Yes, it was really just incidence -- I try again, and 15 of 15 `make
check' passed with TCP sockets, but only 3 of 15 passed with UNIX
sockets. So, final decision is `Unix sockets are not relaible on Solaris'

Regards,
ASK




Re: Re: [BUGS] Tests randomly failed

From
Tom Lane
Date:
Alexander Klimov <ask@wisdom.weizmann.ac.il> writes:
> Yes, it was really just incidence -- I try again, and 15 of 15 `make
> check' passed with TCP sockets, but only 3 of 15 passed with UNIX
> sockets. So, final decision is `Unix sockets are not relaible on Solaris'

So, shall we change pg_regress.sh to not use Unix sockets on Solaris?

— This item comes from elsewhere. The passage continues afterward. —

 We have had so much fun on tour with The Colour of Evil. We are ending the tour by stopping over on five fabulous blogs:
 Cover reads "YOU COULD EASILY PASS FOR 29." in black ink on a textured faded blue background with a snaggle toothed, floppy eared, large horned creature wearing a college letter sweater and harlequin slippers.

This would potentially cause problems for "make installcheck", if the
postmaster was not started with -i.  I suspect the socket problems are
only seen when many clients try to connect at the same time, so the
parallel regression tests are more prone to trouble than serial.
Perhaps for Solaris, go to TCP only if it's parallel mode?
        regards, tom lane


Re: Re: [BUGS] Tests randomly failed

From
Peter Eisentraut
Date:
Tom Lane writes:

> Alexander Klimov <ask@wisdom.weizmann.ac.il> writes:
> > Yes, it was really just incidence -- I try again, and 15 of 15 `make
> > check' passed with TCP sockets, but only 3 of 15 passed with UNIX
> > sockets. So, final decision is `Unix sockets are not relaible on Solaris'

What become up 'set maxuprc=256'?  I thought that made it work.  Could
other people try it or has it been disproven?

> So, shall we change pg_regress.sh to not use Unix sockets on Solaris?

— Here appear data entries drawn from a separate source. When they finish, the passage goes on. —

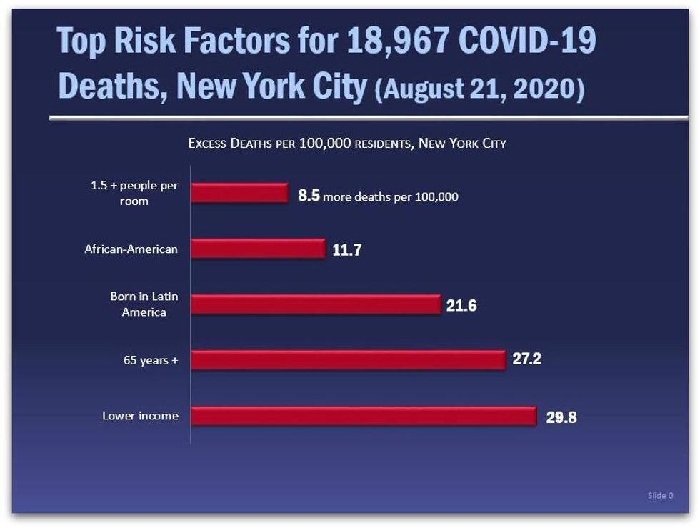 Our initial New York City report, "COVID's Class War" (July 28, 2020) shows that neighborhood median income has the strongest correlation with COVID-19 death rates per zip code. Since then, NYC has released more data for a total of 18,967 deaths by zip code as of August 21. Please note, the average NYC census tract neighborhood in our data base is 41.9% white, 27.3% Hispanic (19.1% born in Latin America), 25.7% Black, 14.3% Asian, 14.3% aged 65 and older, and 1.3% of households with 1.5 or more people per room.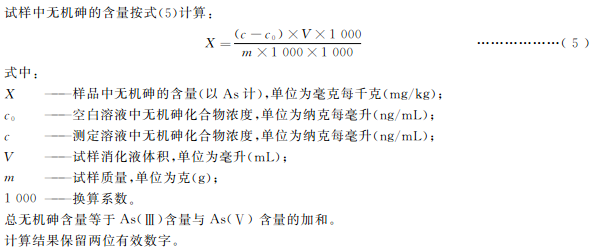 本標(biāo)準(zhǔn)第一篇規(guī)定了食品中總砷的測定方法。本標(biāo)準(zhǔn)第二篇規(guī)定了食品中無機(jī)砷含量測定的液相色譜-原子熒光光譜法、液相色譜-電感耦合等離子體質(zhì)譜法。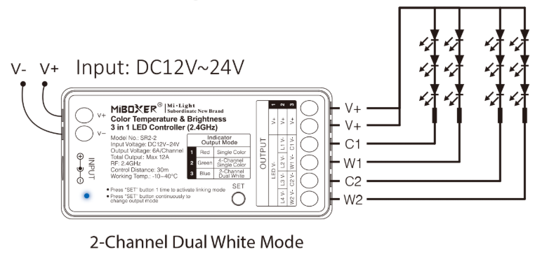 Viszont szeretnem a ket LED szalagot különböző színnel használni pl.: felül kék, alul sárga.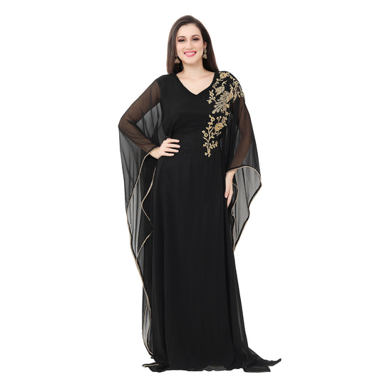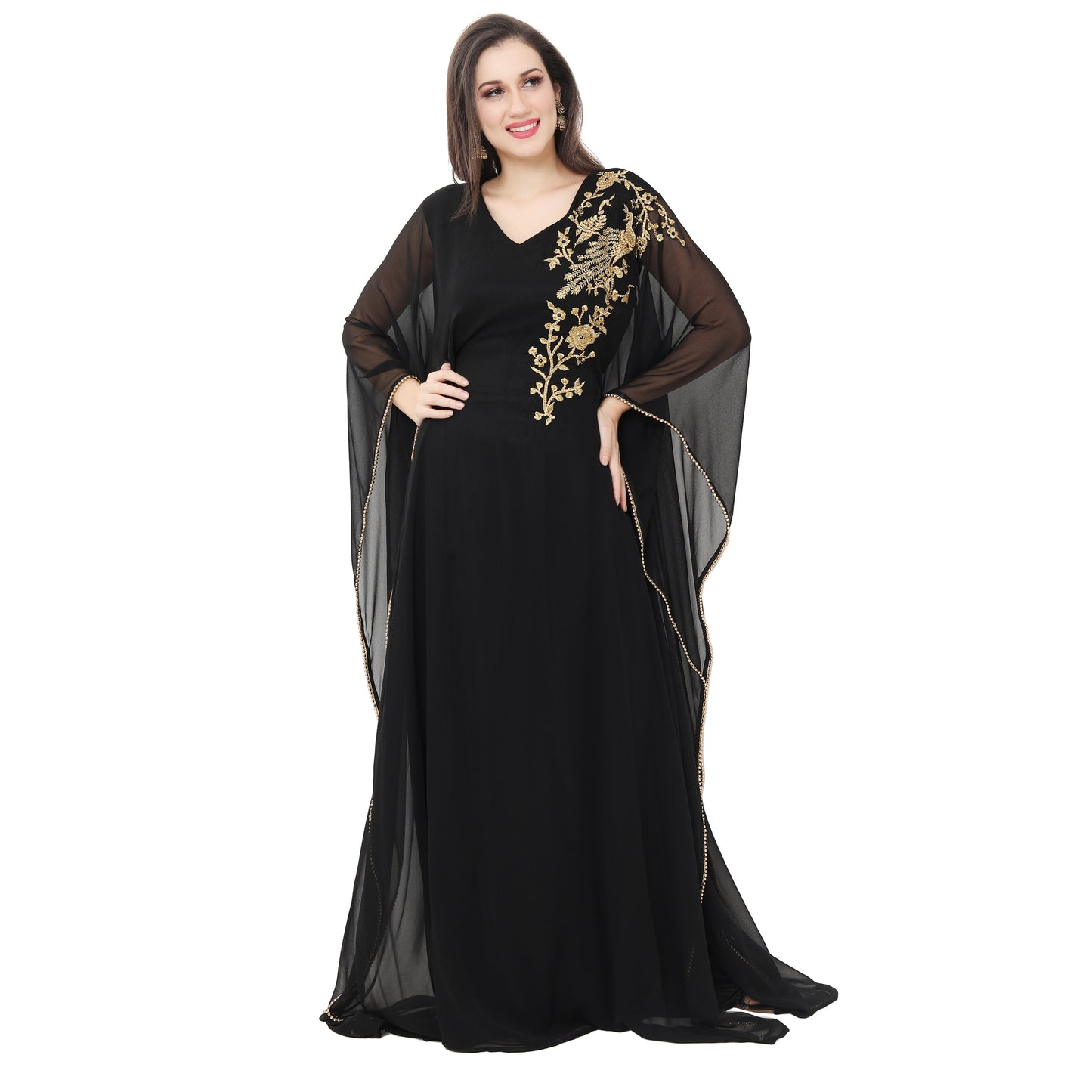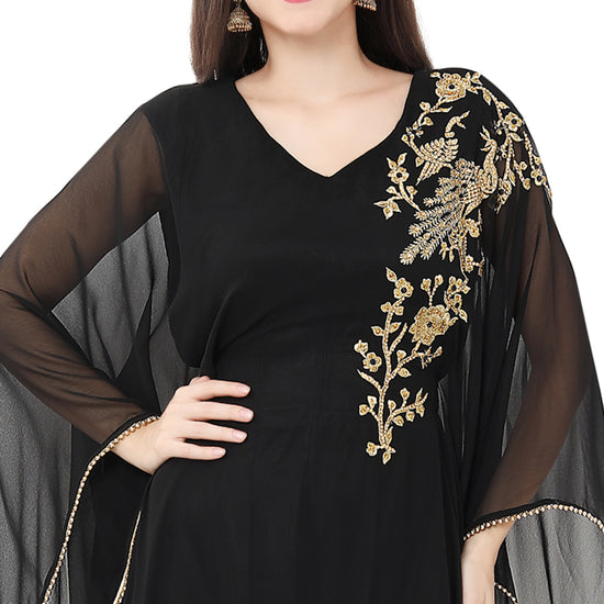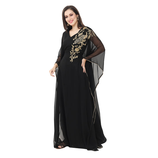Henna Party Gown Black Peacock Embroidery Farasha Maxi - Maxim Creation
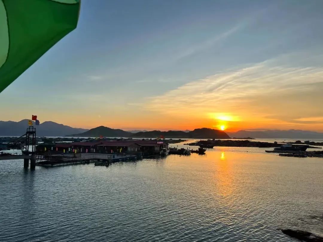傍晚,一道残阳铺水中,半江瑟瑟半江红,整座岛屿都沐浴在余晖的霞光中,影影绰绰,颇有几分“阳光碎落成海”的朦胧意境。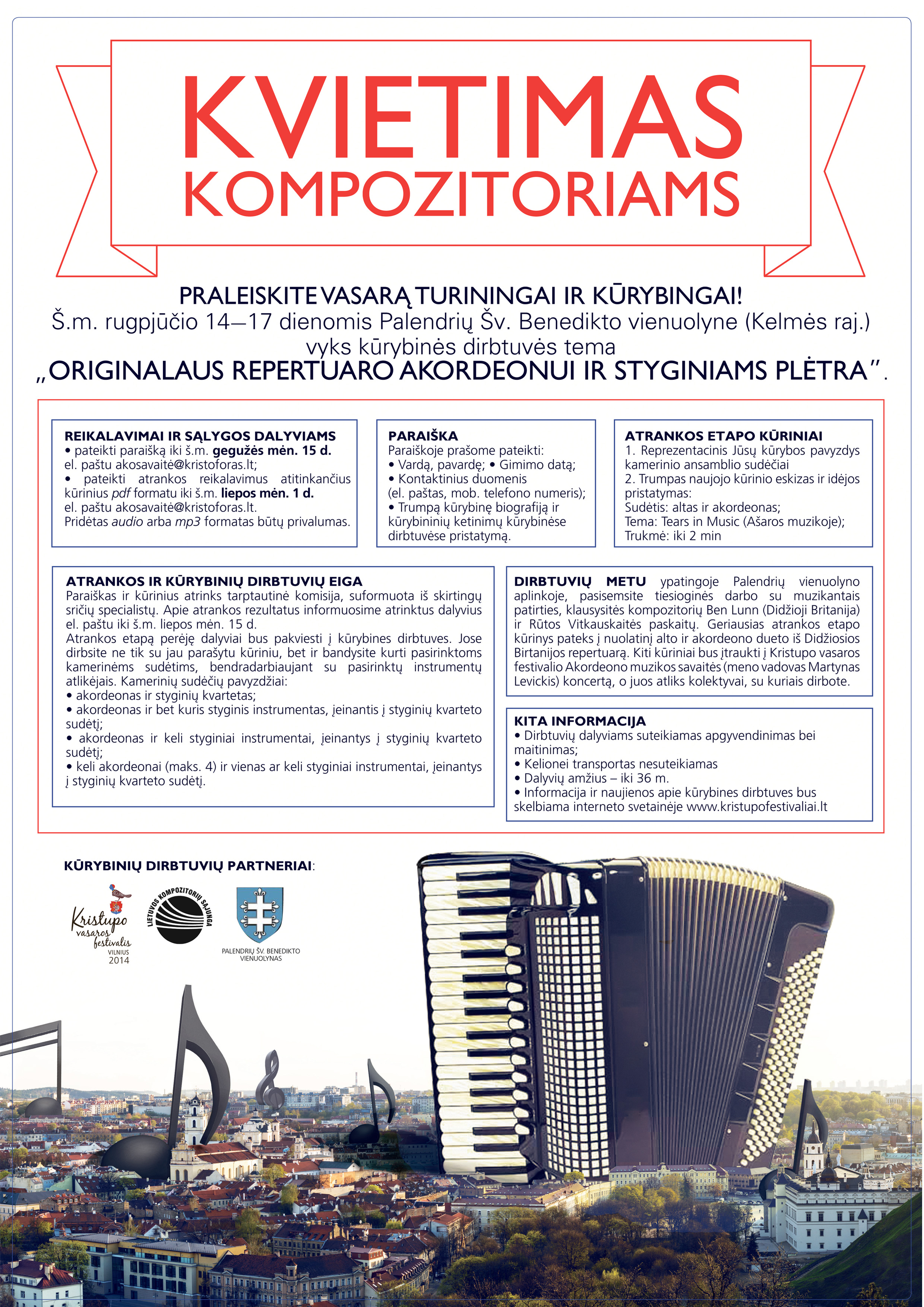 Iki š. m. liepos mėn. 1 d. el. paštu akosavaite@kristoforas.lt reikės pateikti atrankos reikalavimus atitinkančius kūrinius pdf formatu (pridėtas pavyzdys audio arba mp3 formate būtų privalumas). Atrankos etapo kūriniai: 1) reprezentacinis jūsų kūrybos pavyzdys kamerinio ansamblio sudėčiai; 2) trumpas naujo kūrinio eskizas ir idėjos pristatymas. Sudėtis: altas ir akordeonas; tema „Tears in Music" („Ašaros muzikoje"); trukmė iki 2 min.

This would hide problems during the test phase which would reappear in the
production phase, no?

> Perhaps for Solaris, go to TCP only if it's parallel mode?

Unfortunately, it's not possible to detect this globally, only when you're
actually parsing the schedule file and encouter a parallel group.  This
would mean running some tests this way and some tests another way.  That
might not be the worst of ideas, but it should be done on all platforms
then.  Additionally, it don't think it will really fix things, because
some tests that failed were not in a parallel group (and I firmly recall
that some of those were *not* follow-up failures).  I think it is more
related to a "high load" situation.


If I were a Solaris user and had a bit more insight into this problem I
would probably vote for #undef HAVE_UNIX_SOCKETS.  But I'm not...

-- 
Peter Eisentraut      peter_e@gmx.net       http://yi.org/peter-e/



Re: Re: [BUGS] Tests randomly failed

From
Mathijs Brands
Date:
On Tue, Mar 27, 2001 at 07:17:47PM +0200, Peter Eisentraut allegedly wrote:
> Tom Lane writes:
> 
> > Alexander Klimov <ask@wisdom.weizmann.ac.il> writes:
> > > Yes, it was really just incidence -- I try again, and 15 of 15 `make
> > > check' passed with TCP sockets, but only 3 of 15 passed with UNIX
> > > sockets. So, final decision is `Unix sockets are not relaible on Solaris'
> 
> What become up 'set maxuprc=256'?  I thought that made it work.  Could
> other people try it or has it been disproven?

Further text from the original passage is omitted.